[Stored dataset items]
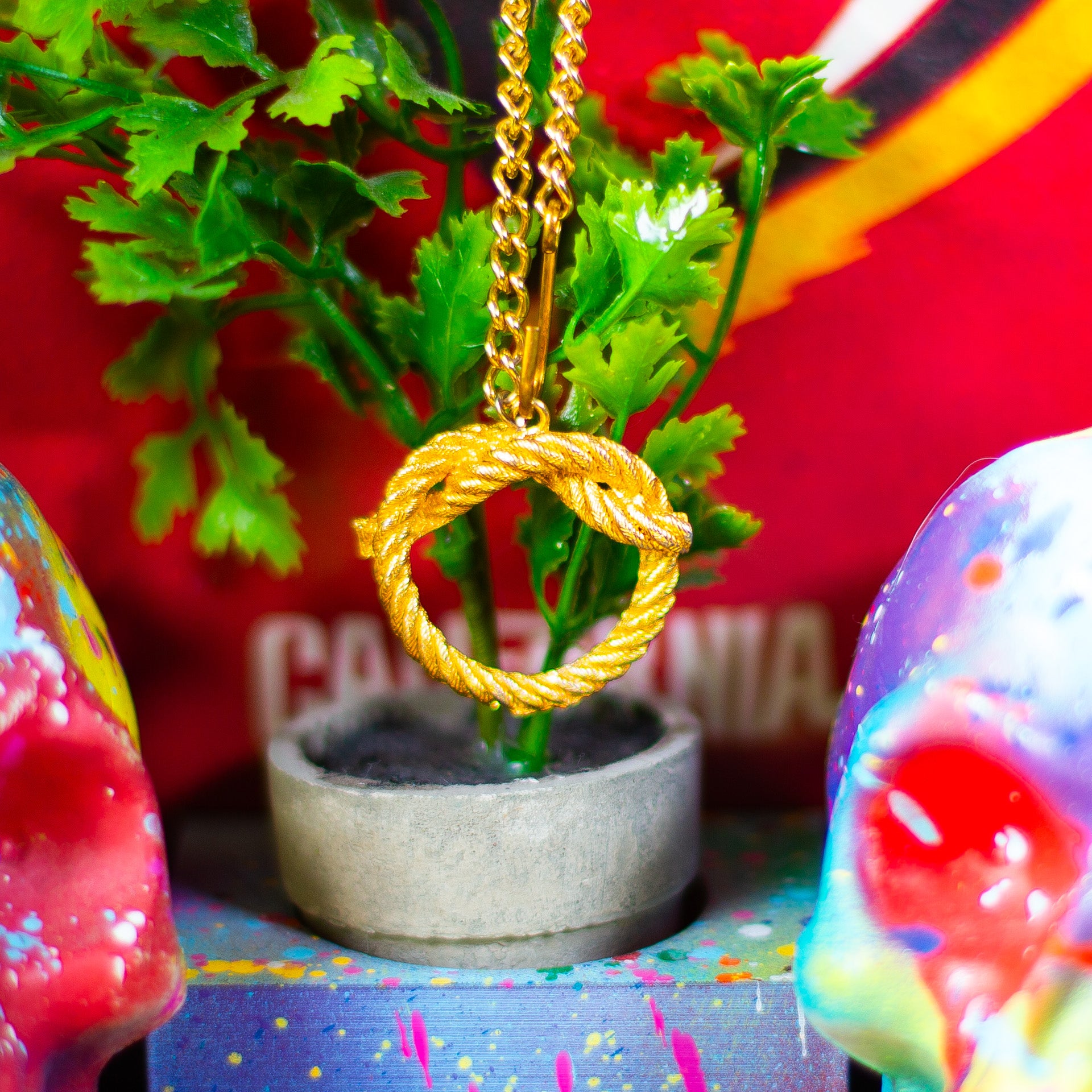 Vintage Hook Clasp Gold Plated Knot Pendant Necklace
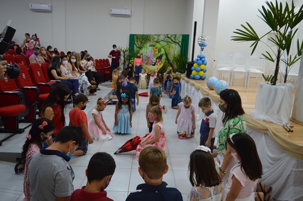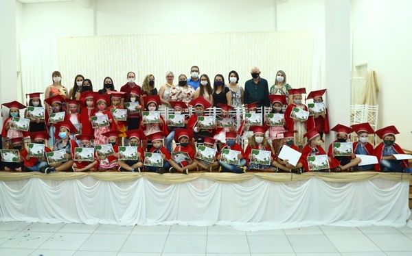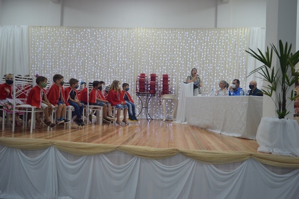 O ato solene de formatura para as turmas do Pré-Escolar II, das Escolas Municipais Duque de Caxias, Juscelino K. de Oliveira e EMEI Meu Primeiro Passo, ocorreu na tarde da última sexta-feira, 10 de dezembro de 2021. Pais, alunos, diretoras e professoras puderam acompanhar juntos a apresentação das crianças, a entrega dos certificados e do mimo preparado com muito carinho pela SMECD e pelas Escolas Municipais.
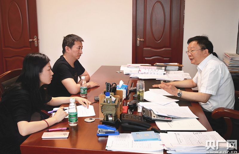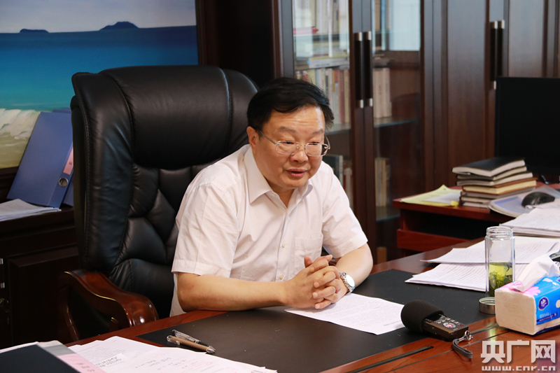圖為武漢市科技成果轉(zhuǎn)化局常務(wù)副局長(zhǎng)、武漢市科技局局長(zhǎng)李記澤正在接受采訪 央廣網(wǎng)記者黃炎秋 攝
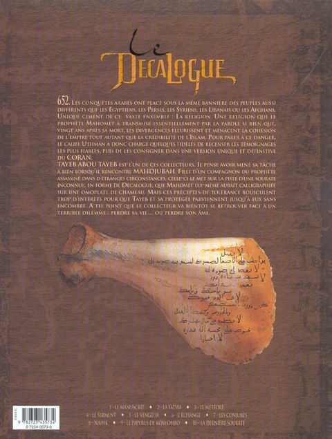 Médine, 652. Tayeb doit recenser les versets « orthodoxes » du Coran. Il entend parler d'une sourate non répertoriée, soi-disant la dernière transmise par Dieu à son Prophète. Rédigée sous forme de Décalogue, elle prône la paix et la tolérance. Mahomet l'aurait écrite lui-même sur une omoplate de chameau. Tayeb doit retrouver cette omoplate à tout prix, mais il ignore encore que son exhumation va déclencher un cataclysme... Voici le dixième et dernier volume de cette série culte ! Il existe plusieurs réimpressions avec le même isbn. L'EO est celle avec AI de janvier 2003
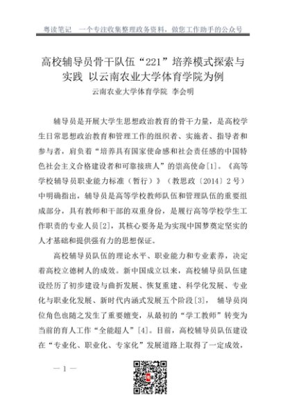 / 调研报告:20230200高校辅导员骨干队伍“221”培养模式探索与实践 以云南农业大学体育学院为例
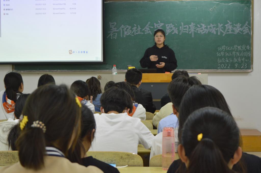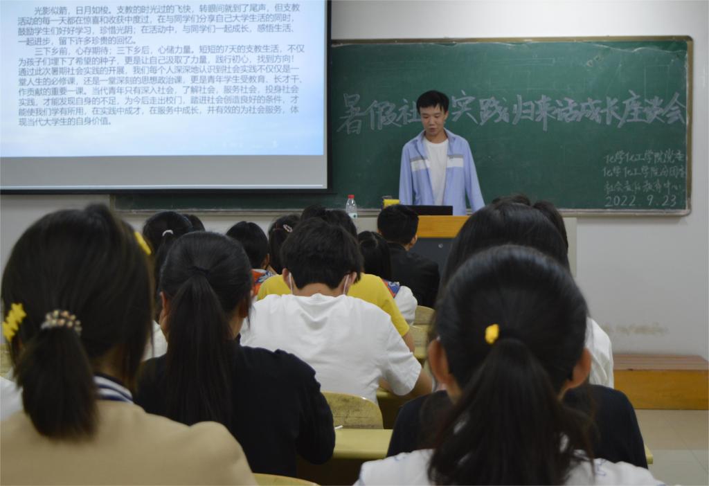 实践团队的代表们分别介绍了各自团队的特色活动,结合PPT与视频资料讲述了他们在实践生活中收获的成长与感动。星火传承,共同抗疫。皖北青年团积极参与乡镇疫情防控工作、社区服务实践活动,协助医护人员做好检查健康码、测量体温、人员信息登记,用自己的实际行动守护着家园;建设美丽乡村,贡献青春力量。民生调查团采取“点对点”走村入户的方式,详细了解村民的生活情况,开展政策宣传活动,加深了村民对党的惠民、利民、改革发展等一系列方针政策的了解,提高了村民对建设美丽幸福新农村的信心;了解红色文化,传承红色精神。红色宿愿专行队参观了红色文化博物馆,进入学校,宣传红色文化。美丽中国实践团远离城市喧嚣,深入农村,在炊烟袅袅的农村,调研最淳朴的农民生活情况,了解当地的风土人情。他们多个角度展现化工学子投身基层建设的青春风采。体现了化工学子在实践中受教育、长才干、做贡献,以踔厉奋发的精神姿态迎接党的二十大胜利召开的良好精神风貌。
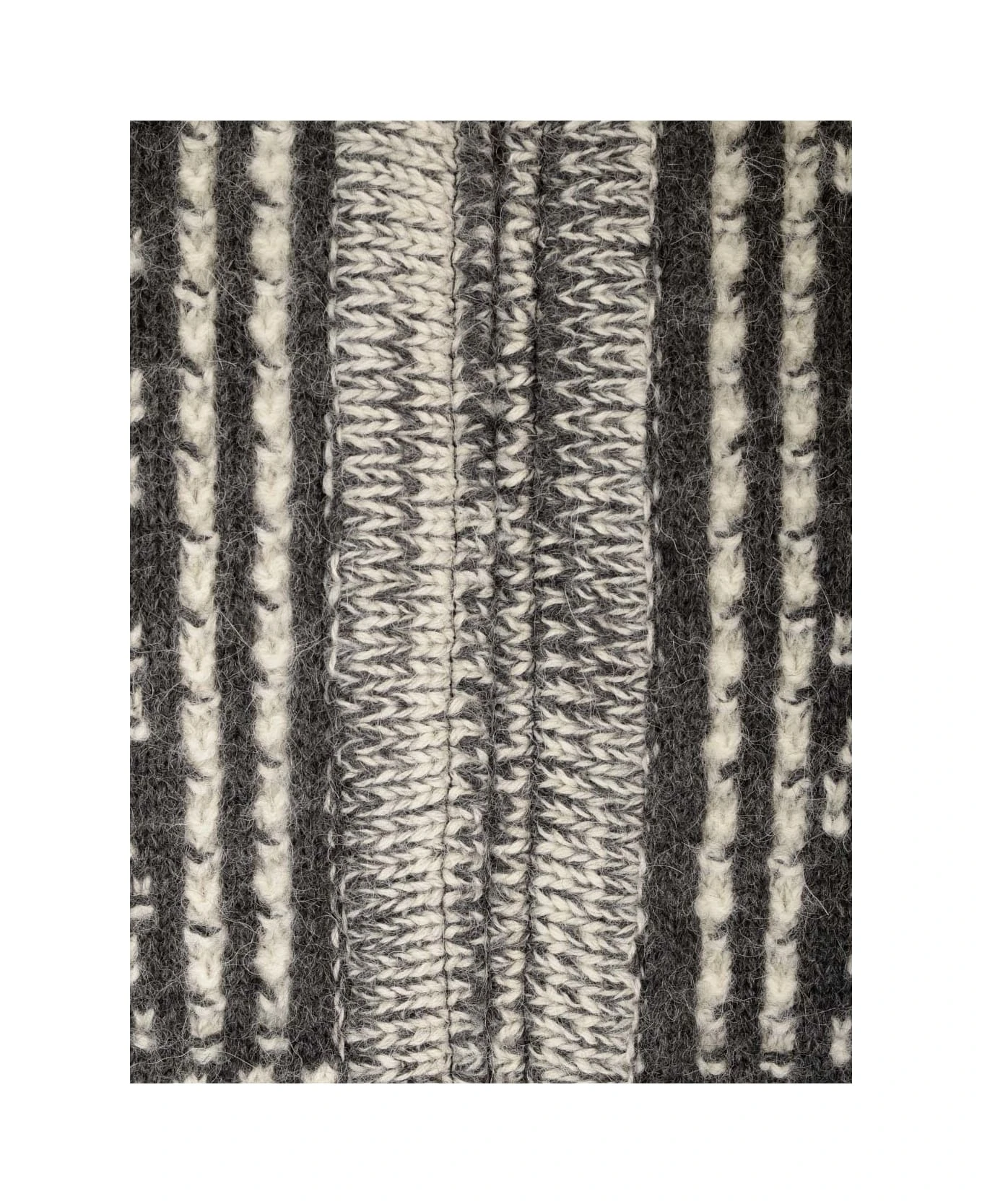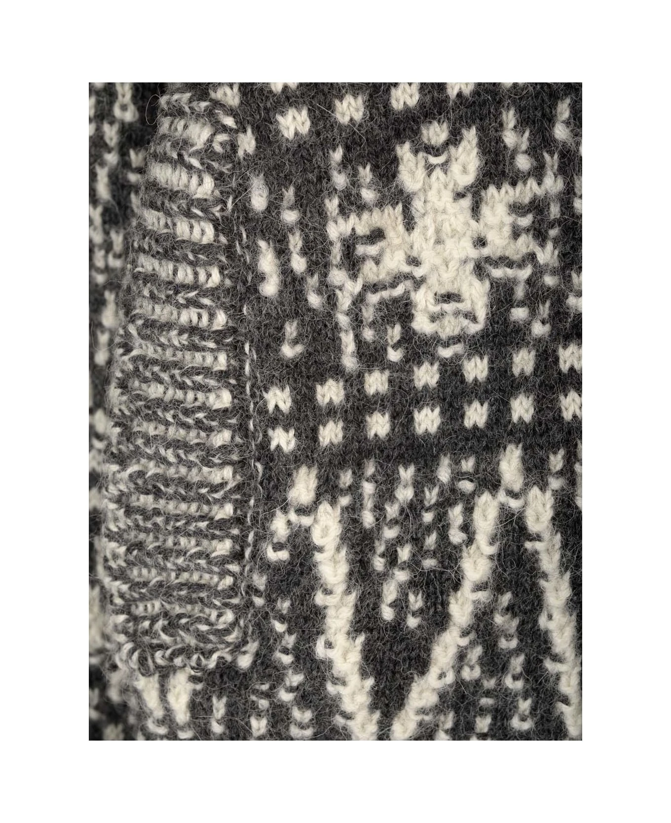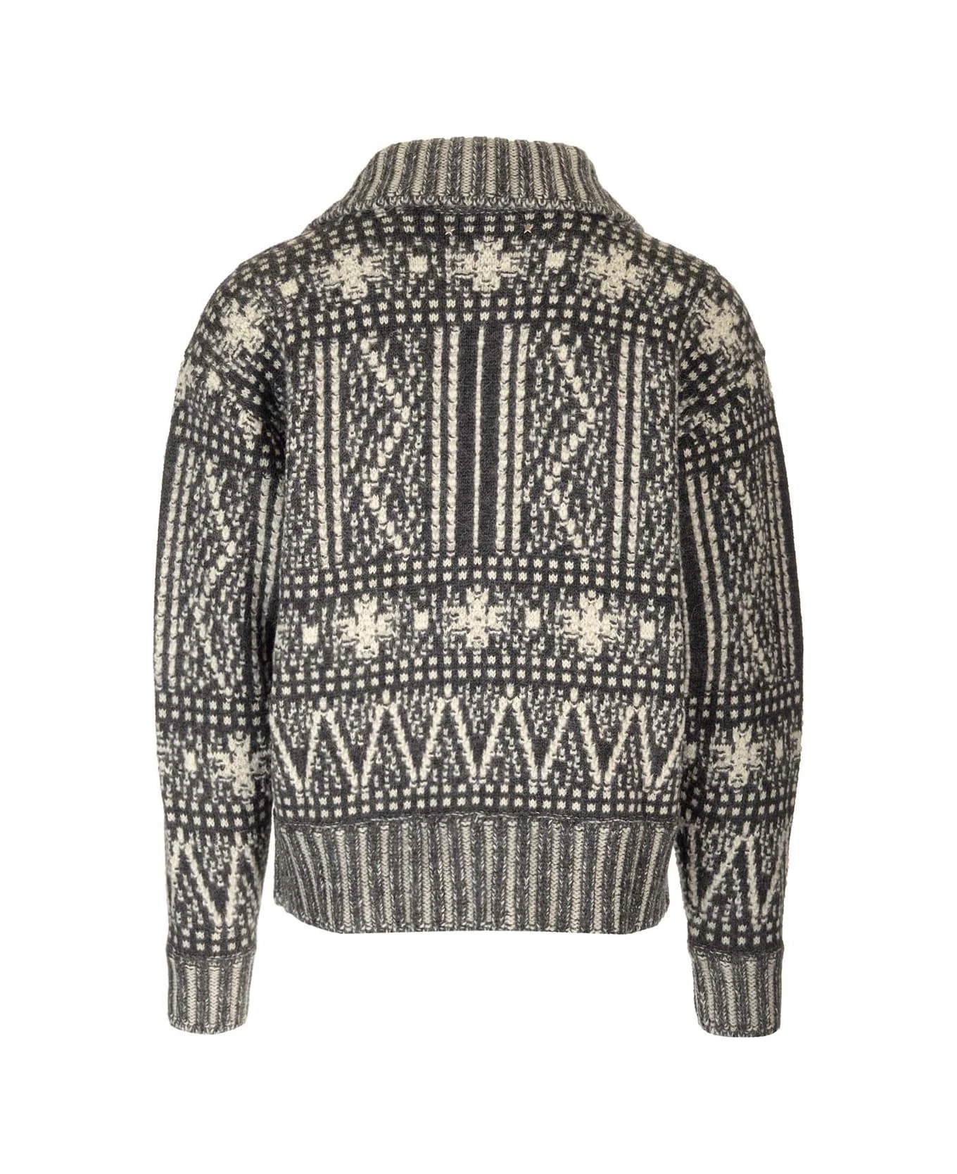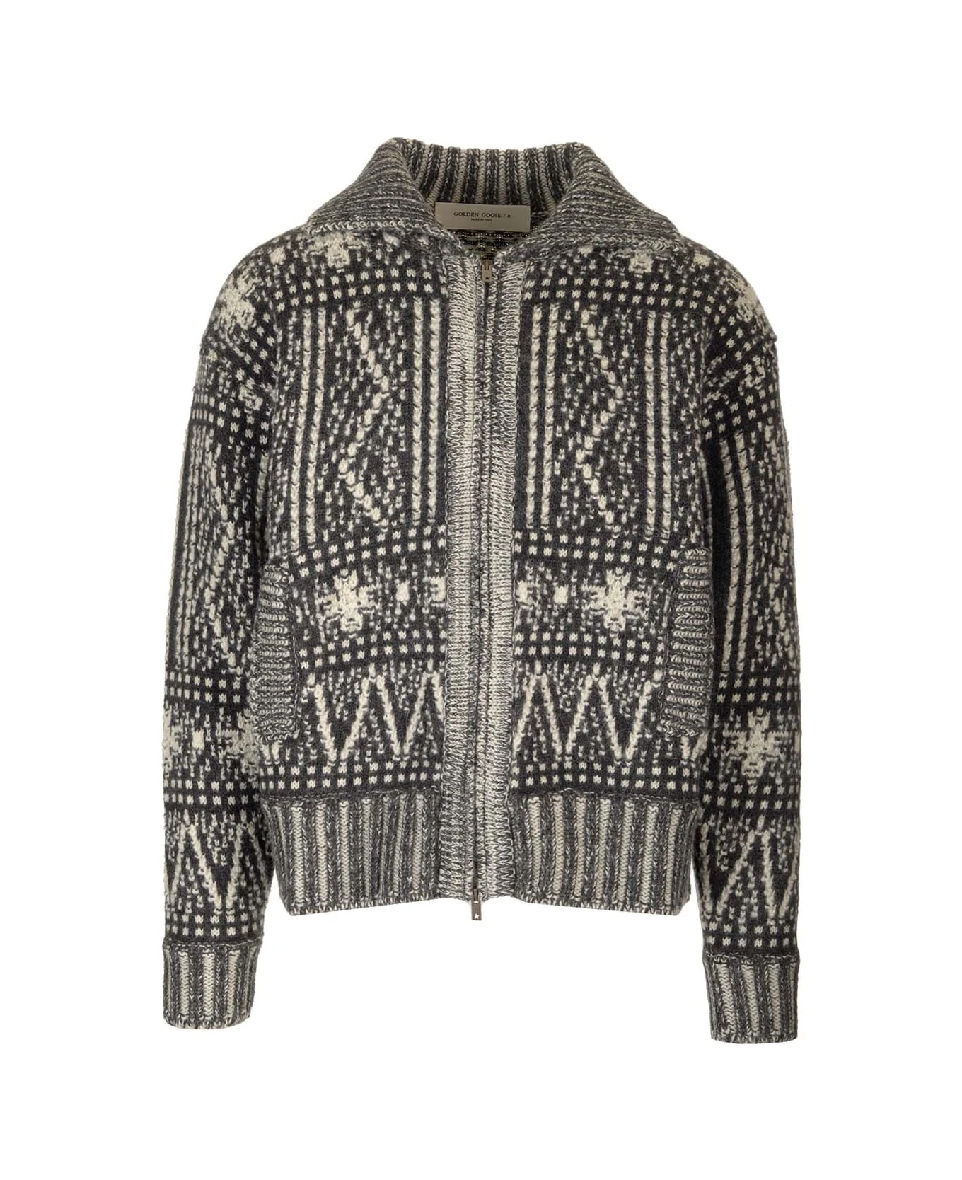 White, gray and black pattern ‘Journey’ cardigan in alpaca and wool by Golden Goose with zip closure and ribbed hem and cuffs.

PROBLEM DESCRIPTION: Every record above must be copied exactly, and no picture may appear in the copy.

RESULT FOR THIS TASK:
 Vintage Hook Clasp Gold Plated Knot Pendant Necklace
 O ato solene de formatura para as turmas do Pré-Escolar II, das Escolas Municipais Duque de Caxias, Juscelino K. de Oliveira e EMEI Meu Primeiro Passo, ocorreu na tarde da última sexta-feira, 10 de dezembro de 2021. Pais, alunos, diretoras e professoras puderam acompanhar juntos a apresentação das crianças, a entrega dos certificados e do mimo preparado com muito carinho pela SMECD e pelas Escolas Municipais.
圖為武漢市科技成果轉(zhuǎn)化局常務(wù)副局長(zhǎng)、武漢市科技局局長(zhǎng)李記澤正在接受采訪 央廣網(wǎng)記者黃炎秋 攝
 Médine, 652. Tayeb doit recenser les versets « orthodoxes » du Coran. Il entend parler d'une sourate non répertoriée, soi-disant la dernière transmise par Dieu à son Prophète. Rédigée sous forme de Décalogue, elle prône la paix et la tolérance. Mahomet l'aurait écrite lui-même sur une omoplate de chameau. Tayeb doit retrouver cette omoplate à tout prix, mais il ignore encore que son exhumation va déclencher un cataclysme... Voici le dixième et dernier volume de cette série culte ! Il existe plusieurs réimpressions avec le même isbn. L'EO est celle avec AI de janvier 2003
 / 调研报告:20230200高校辅导员骨干队伍“221”培养模式探索与实践 以云南农业大学体育学院为例
 实践团队的代表们分别介绍了各自团队的特色活动,结合PPT与视频资料讲述了他们在实践生活中收获的成长与感动。星火传承,共同抗疫。皖北青年团积极参与乡镇疫情防控工作、社区服务实践活动,协助医护人员做好检查健康码、测量体温、人员信息登记,用自己的实际行动守护着家园;建设美丽乡村,贡献青春力量。民生调查团采取“点对点”走村入户的方式,详细了解村民的生活情况,开展政策宣传活动,加深了村民对党的惠民、利民、改革发展等一系列方针政策的了解,提高了村民对建设美丽幸福新农村的信心;了解红色文化,传承红色精神。红色宿愿专行队参观了红色文化博物馆,进入学校,宣传红色文化。美丽中国实践团远离城市喧嚣,深入农村,在炊烟袅袅的农村,调研最淳朴的农民生活情况,了解当地的风土人情。他们多个角度展现化工学子投身基层建设的青春风采。体现了化工学子在实践中受教育、长才干、做贡献,以踔厉奋发的精神姿态迎接党的二十大胜利召开的良好精神风貌。
 White, gray and black pattern ‘Journey’ cardigan in alpaca and wool by Golden Goose with zip closure and ribbed hem and cuffs.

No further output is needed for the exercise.